Renormalized transport of inertial particles in surface flows

TL;DR

This paper investigates how recirculations in surface flows affect inertial particle transport, revealing that recirculation can decrease or increase streaming velocity and providing explicit formulas for eddy diffusivity and transport efficiency.

Contribution

It introduces a perturbative approach to quantify the impact of recirculations on inertial particle transport in surface flows, including explicit expressions for eddy diffusivity.

Findings

Recirculation decreases streaming velocity in low recirculation regimes.

Recirculation increases streaming velocity when recirculation is large.

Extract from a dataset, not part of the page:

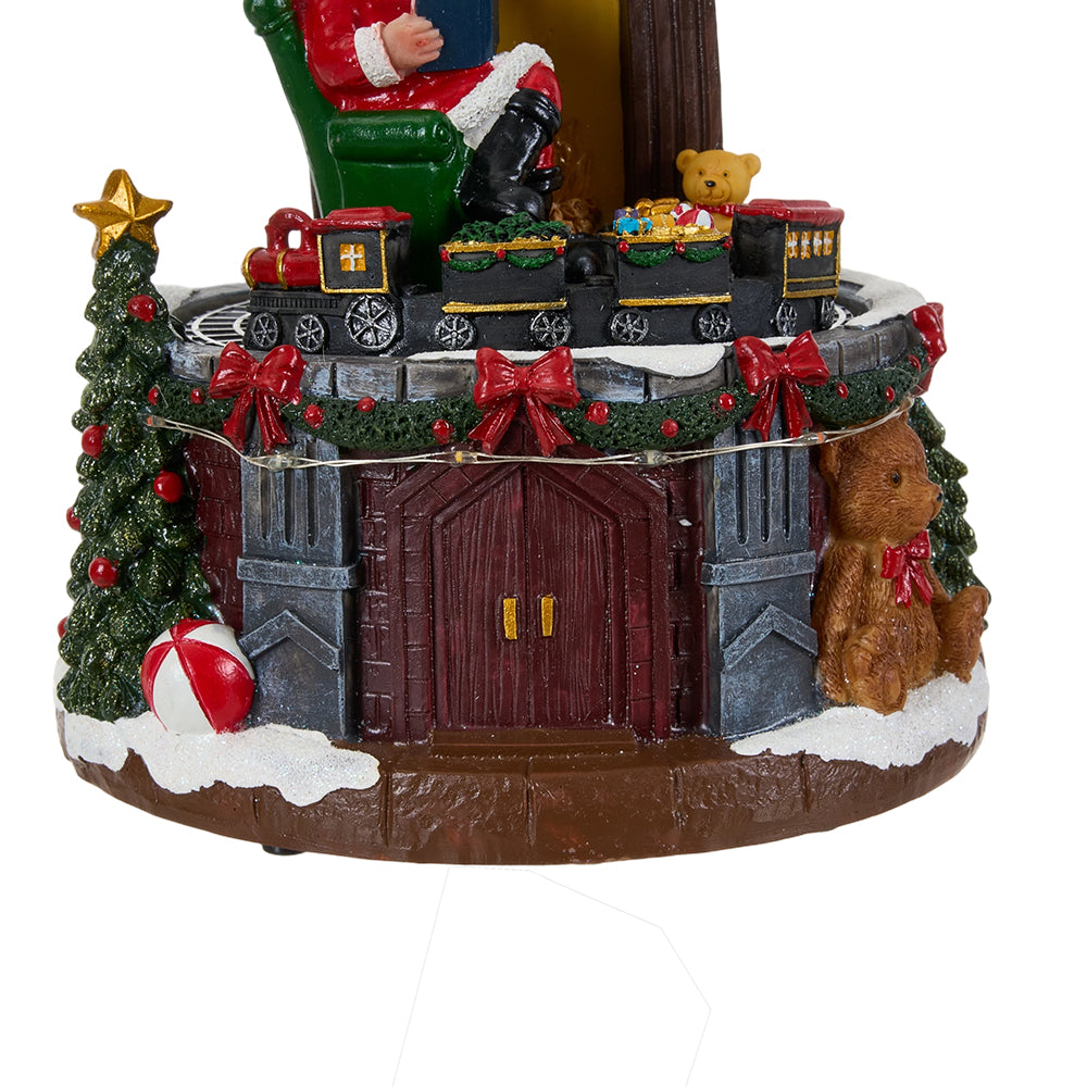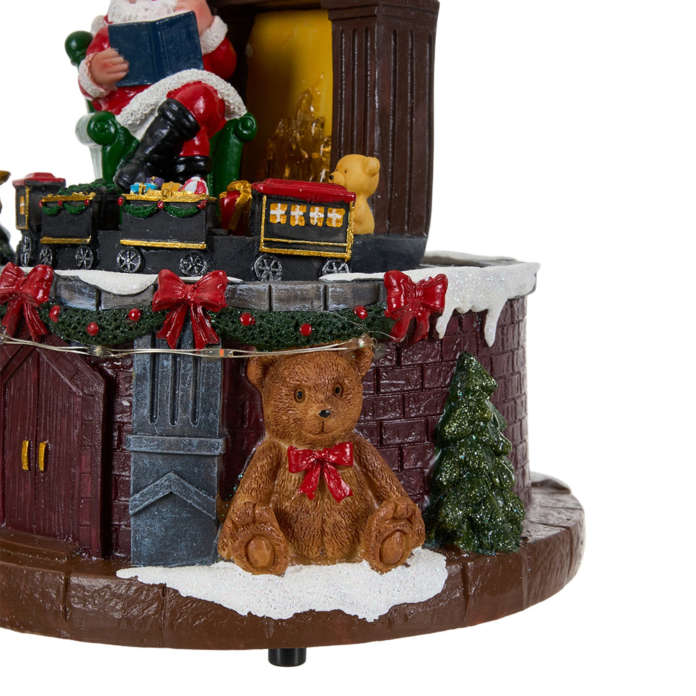 Enhance your festive décor with this charming Christmas Music Box! Santa Claus is seated comfortably in his festive chair by the fireplace, capturing the spirit of the season as he reads. A delightful house is surrounded by a whimsical scene featuring Christmas trees, a cheerful bear, and other festive decorations. A miniature train moves around the base, adding a playful and interactive touch. With intricate detailing and warm LED lights, this music box creates a cosy and inviting holiday atmosphere. Ideal for display on a mantel or as a treasured gift, it brings the magic of Christmas to life.

Explicit formulas for eddy diffusivity and transport efficiency are derived.

Abstract

Surface transport of inertial particles is investigated by means of the perturbative approach, introduced by Maxey (J. Fluid Mech. 174, 441 (1987)), which is valid in the case the deflections induced on the particle trajectories by the fluid flow can be considered small. We consider a class of compressible random velocity fields, in which the effect of recirculations is modelled by an oscillatory component in the Eulerian time correlation profile. The main issue we address here is whether fluid velocity fluctuations, in particular the effect of recirculation, may produce nontrivial corrections to the streaming particle velocity. Our result is that a small (large) degree of recirculation is associated with a decrease (increase) of streaming with respect to a quiescent fluid. The presence of this effect is confirmed numerically, away from the perturbative limit. Our approach also allows us to calculate the explicit expression for the eddy diffusivity, and to compare the efficiency of diffusive and ballistic transport.